Although blood lineage can ensure the fault-tolerance of distributed memory system, if but if the information of a blood lineage is oversize, in appearance, abnormal to carry out that data rerun be will certainly be very consuming time, introduce the technology of checkpoint thus, async backup is waken up with a start to data, and back up the file that some high frequencies use, utilize limit algorithm to determine which file of this backup of checkpoint, limit algorithm model is the DAG graph of a relation of file, the limit representation file A of file A to file B produces file B, the leaf node of this algorithms selection DAG figure is as the check point of system, coming that control data reruns with this is the required time,

3) resource allocation policy when data are reruned

In distributed computing framework, the task of often carrying out computing does not know there is one, so rerun and be carrying out data, to ensure that on the one hand data are reruned required computational resource, to guarantee that the calculating of other tasks can not be affected on the other hand, utilize strict preference power model and weighted-fair Share Model to be again that dispensed resource is to ensure that date restoring can not have influence on the operation of normal operation.

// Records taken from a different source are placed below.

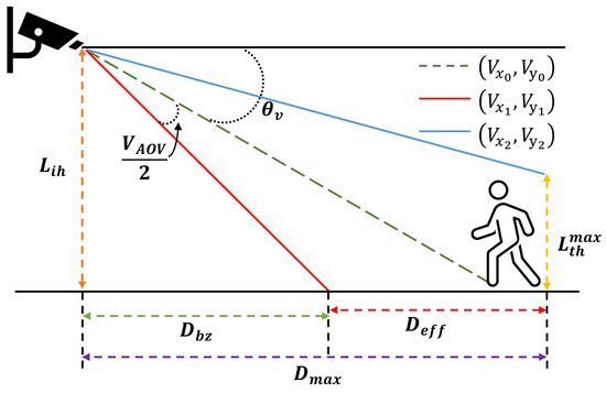 The next step is to determine the effective surveillance distance of the camera, as depicted in Figure 4. The effective surveillance distance of the camera is defined by (6), which is determined by taking into account the difference between the camera’s maximum surveillance distance, denoted by , and its distance to the blind zone, as represented by .
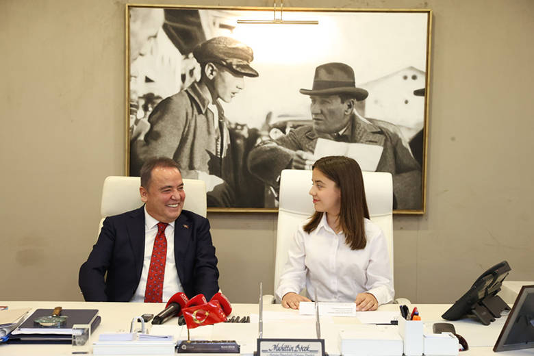 Çelenk sunma törenin ardından Büyükşehir Belediye Başkanlığı makamında devir teslim töreni yapıldı. Büyükşehir Belediye Başkanı Muhittin Böcek, koltuğunu Hüseyin Avni Çöllü Ortaokulu 7. Sınıf öğrencisi Simay Yade Çoban’a devretti. Devir teslimde Simay Yade Çoban’a Okul Müdürü Hasan Ayana, annesi Emine Çoban ve babası Ahmet Çoban eşlik etti.
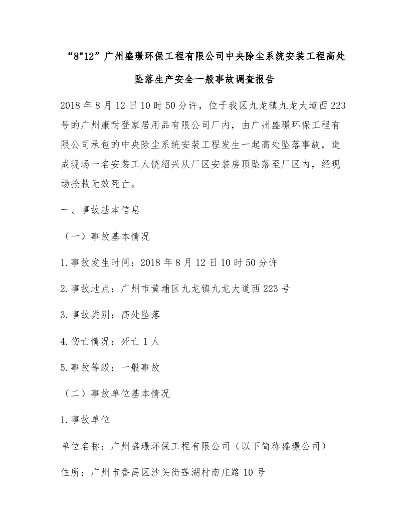 “8•12”广州盛璟环保工程有限公司中央除尘系统安装工程高处坠落生产安全一般事故调查报告
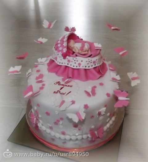 Ну, и тортик на годик, внутри микс- банан, апельсин, киви в сливках:
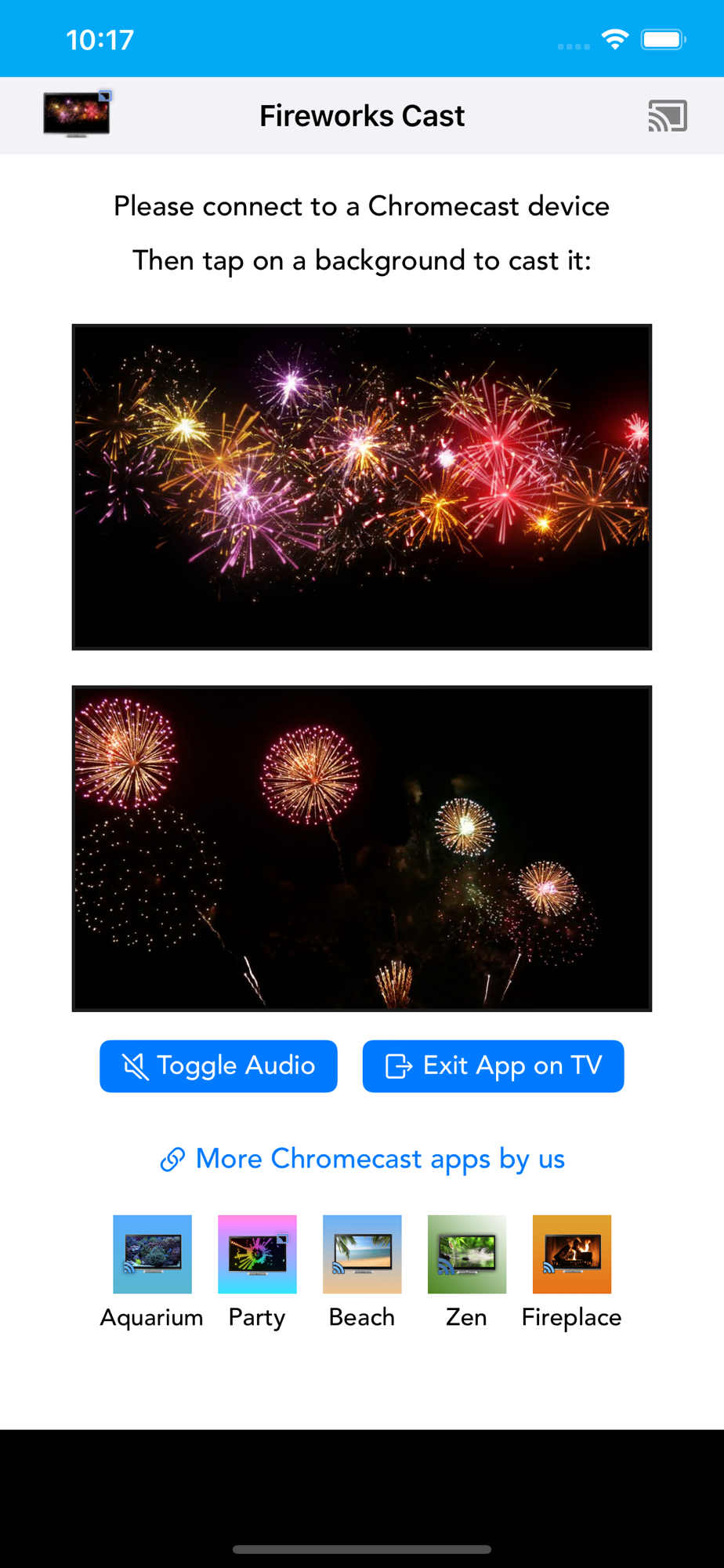 You can choose from two types of vibrant firework displays as the live background for your TV (that has a connected Chromecast device). You can select the background with your iPhone or iPad.

5. according to claim 4 based on the distributed memory file system of blood lineage and check point technology, it is characterized in that: although the output of some operations relative to its input very little, but the data display nearest according to Cloudera, the output quantity of the operation of at least 34% is the same large with its input quantity, blood lineage is more applicable for and exports the relatively less operation of data, checkpoint backup is carried out owing to adopting asynchronous strategy, this just makes system just can back up in computation process, simultaneously, for the operation that output data quantity is larger, the performance of system is not less than common file system.

6. according to claim 5 based on the distributed memory file system of blood lineage and check point technology, it is characterized in that:, the combination of blood lineage and checkpoint ensure that the fault-tolerance of system, and Resourse Distribute when system data is reruned ensure that the operation that can not affect normal operation of date restoring.